Teaching Environmental Inequality: Watching “Come Hell or High Water: The Battle for Turkey Creek”

This is the second in a series of blog posts about the Environmental Inequality class I taught this fall. The first post shared the class syllabus and research project. This post covers a movie I’ve enjoyed using the last two times I taught the class, Leah Mahan’s Come Hell or High Water: The Battle for Turkey Creek.  Here’s the film description:

Come Hell or High Water: The Battle for Turkey Creek  follows the painful but inspiring journey of Derrick Evans, a Boston teacher who moves home to coastal Mississippi when the graves of his ancestors are bulldozed to make way for the sprawling city of Gulfport. Over the course of a decade, Derrick and his neighbors stand up to powerful corporate interests and politicians and face Hurricane Katrina and the BP oil disaster in their struggle for self-determination and environmental justice.

 

I’ve shown the film in my Environmental Inequality class twice now, and it has been helpful both times. In 2015, we learned about Turkey Creek at multiple points throughout the class. I showed the 2011 Daily Show clip about Turkey Creek early in the semester. My previous descriptions of using this clip are available here, here (at Jan. 13), and here. This time around I showed the clip on the day we were learning about the distinction between the environmental movement and the environmental justice movement. I emphasized that while it is wise to take the the specifics of the Daily Show’s coverage of Turkey Creek with a grain of salt, the clip speaks to real tensions between environmental efforts that focus on habitat preservation and environmental efforts that focus on human wellbeing and cultural preservation. This clip unfailingly generates incredulous responses and good discussion.

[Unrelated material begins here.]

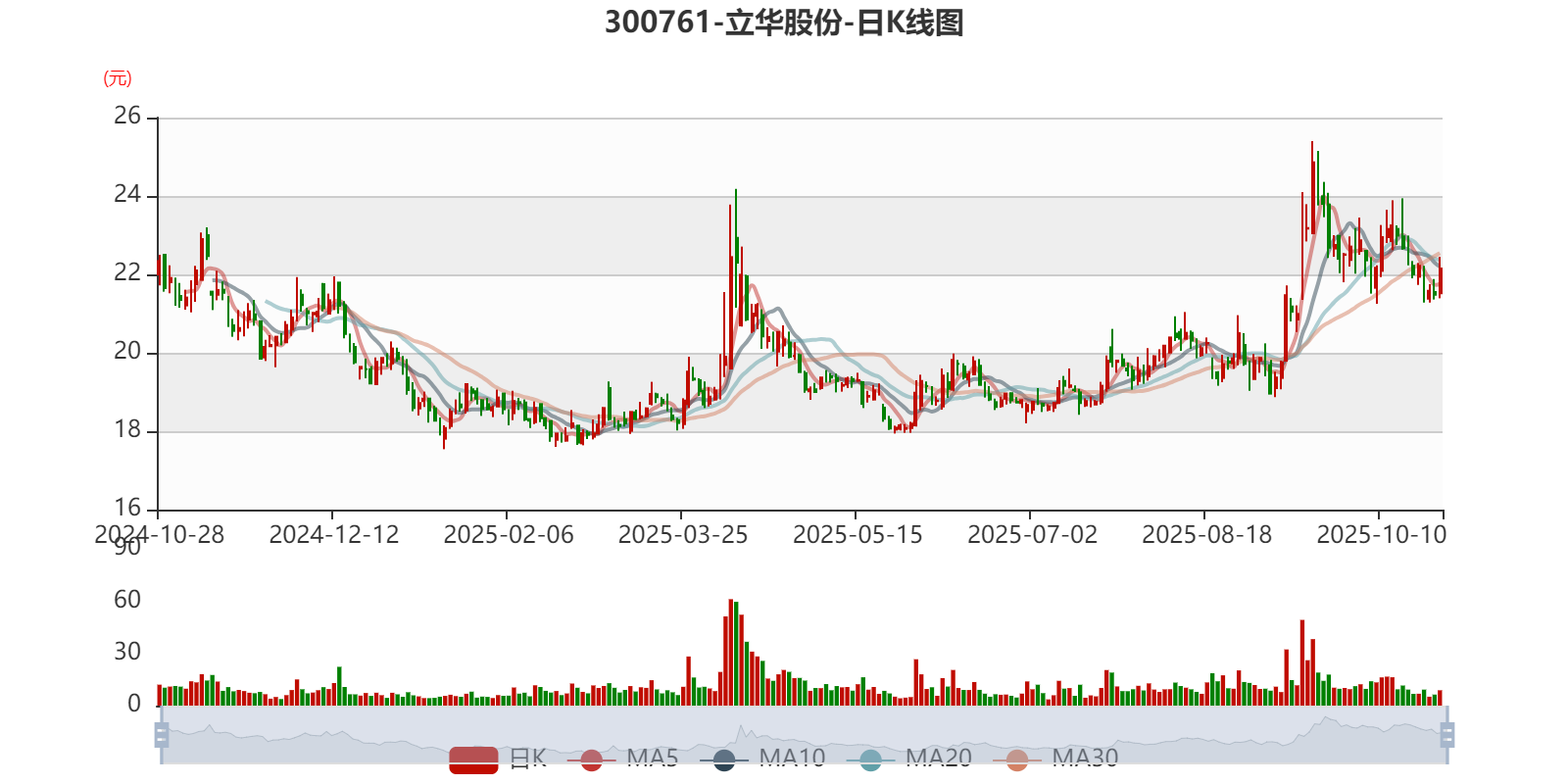 中证智能财讯立华股份(300761)10月28日披露2025年第三季度报告。前三季度公司实现营业总收入134.93亿元,同比增长6.38%;归母净利润2.87亿元,同比下降75.27%;扣非净利润2.92亿元,同比下降74.36%;经营活动产生的现金流量净额为13.41亿元,同比下降25.75%;报告期内,立华股份基本每股收益为0.3452元,加权平均净资产收益率为3.12%。

A bit later in the class, we returned to Turkey Creek on the day set aside for natural disasters. I used the following two readings that day – the second discusses Turkey Creek:

Finally, I screened Leah Mahan’s documentary toward the end of the class. Returning repeatedly to Turkey Creek in our class gave the students a real-life story to think through as they learned new facets of environmental inequality and the activism that responds to it. Using the film at the end of the class provided a way to tie together and bring alive many of the threads about which we had been learning. Indeed, one of the students was so enthusiastic about the film that she helped me launch an annual environmental justice film screening for Earth Day. The inaugural film featured was, you guessed it, Come Hell or High Water.

Several aspects of the film make it great to show as part of environmental justice education efforts. First, it shows how environmental destruction has impacted human life (most memorably through increases in flooding due to paving over wetlands that previously absorbed heavy rains). Second, it clearly depicts how racism and classism influence development in ways that produce environmental and human harm.

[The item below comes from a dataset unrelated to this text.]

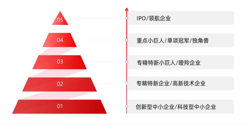 专精特新专注细分领域市场,具备极强的创新与抗风险能力,是产业链的关键环节。认定分为创新型中小企业→专精特新中小企业(超14万家)→专精特新小巨人(1.46万家)→制造业单项冠军四级梯度,企业需逐级进阶。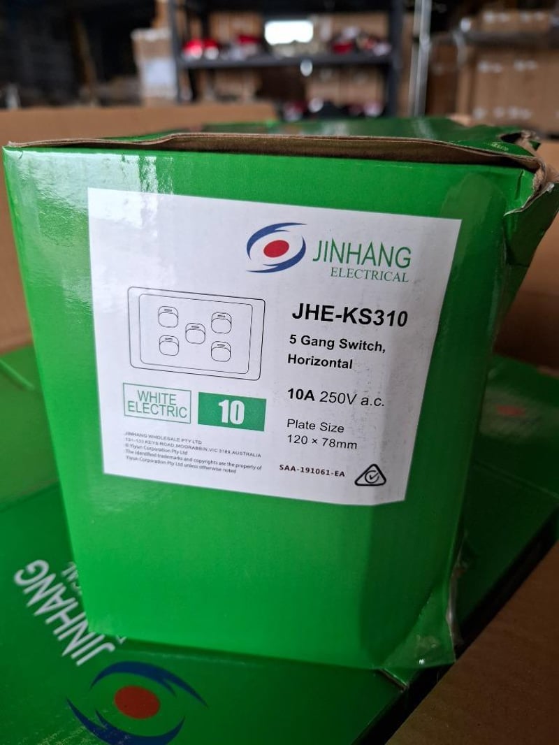 RRP $5200 Combined, 10A 5 gang wall light switch-slimQTY: 100pcsMODEL: JHE-KS310PRODUCT DIMENSIONS: 120mm x 78 mm

Third, the film addresses the pleasures and cultural significance of the outdoors to the historically black town of Turkey Creek. This is a great antidote to the Daily Show clip, which features a more disdainful view of of the potential pleasures of outdoor activities, even as one of the interviewees appears to be enjoying herself while birding, and another talks about birds’ revered local status. The film’s inclusion of the potential pleasures of the outdoors helps me to correct for the environmental justice literature’s sometimes overly simplistic portrayal of people of color environmentalism as focused exclusively on urban areas and industrial pollution, and white environmentalism as focusing exclusively on habitat preservation and outdoor leisure activities. While racial divisions and tensions between these two approaches are real, it certainly isn’t true that people of color have no relationship to the environment outside of the health impacts of pollution.

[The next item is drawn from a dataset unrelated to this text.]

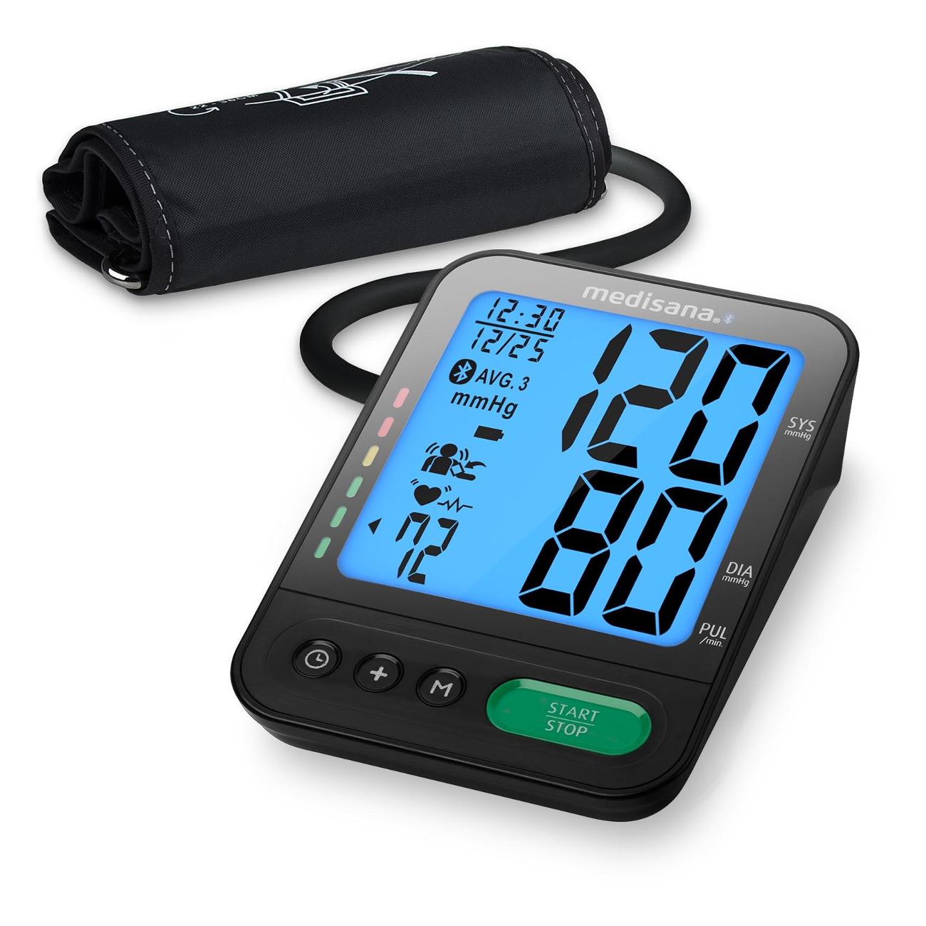 Тонометр Medisana BU 580 Connect черного цвета работает от четырех батареек АА. Чехол для хранения идет в комплекте. Жидкокристаллический дисплей оснащен голубой подсветкой. Диапазон измерений для пульса составляет от 40 до 199 ударов в минуту, для давления — до 280 мм рт. ст. Габариты модели — 12,8х12,8х11,6 см. Вес изделия — 630 г. Присутствует индикация аритмии, детектор движения для точных измерений, встроенный Bluetooth 4.2. Устройство совместимо с Android/ iOS. На дисплей выводятся показатели пульса и давления, время, дата. Последние измерения сохраняются в памяти.

Finally, while the film focuses on a central character who leads the charge to protect Turkey Creek, it does not portray him through the usual “great man” narrative. We see clearly that Derrick Evans, the protagonist, is doing important work in his home town. But we also see how difficult the journey is, and how much it costs him. I appreciated that the director resisted the temptation to simplify the problems he faced and depict them as solvable through a single person’s heroic actions. The results is a film that dovetails with my efforts to encourage my students to analyze the complexity of environmental inequality, and the scale of the change necessary to address it.

So, that was what I did with the film in 2015. In the fall of 2016, I showed Come Hell or High Water at the beginning of the semester instead.  I paired the movie with our early coverage of disasters and climate change (see the readings I used this time here). My thinking was that just as the film could be used at the end of the course to help tie everything together, so too it could be used at the beginning to help introduce the course content. This approach also seemed to work well, but I think I prefer the end-of-the-semester screening for the richer, better informed discussion that it generated.

All in all, I recommend the movie! If you use it in your own classes or at a campus screening, I’d love to hear how it goes. I’m sure director Leah Mahan would too.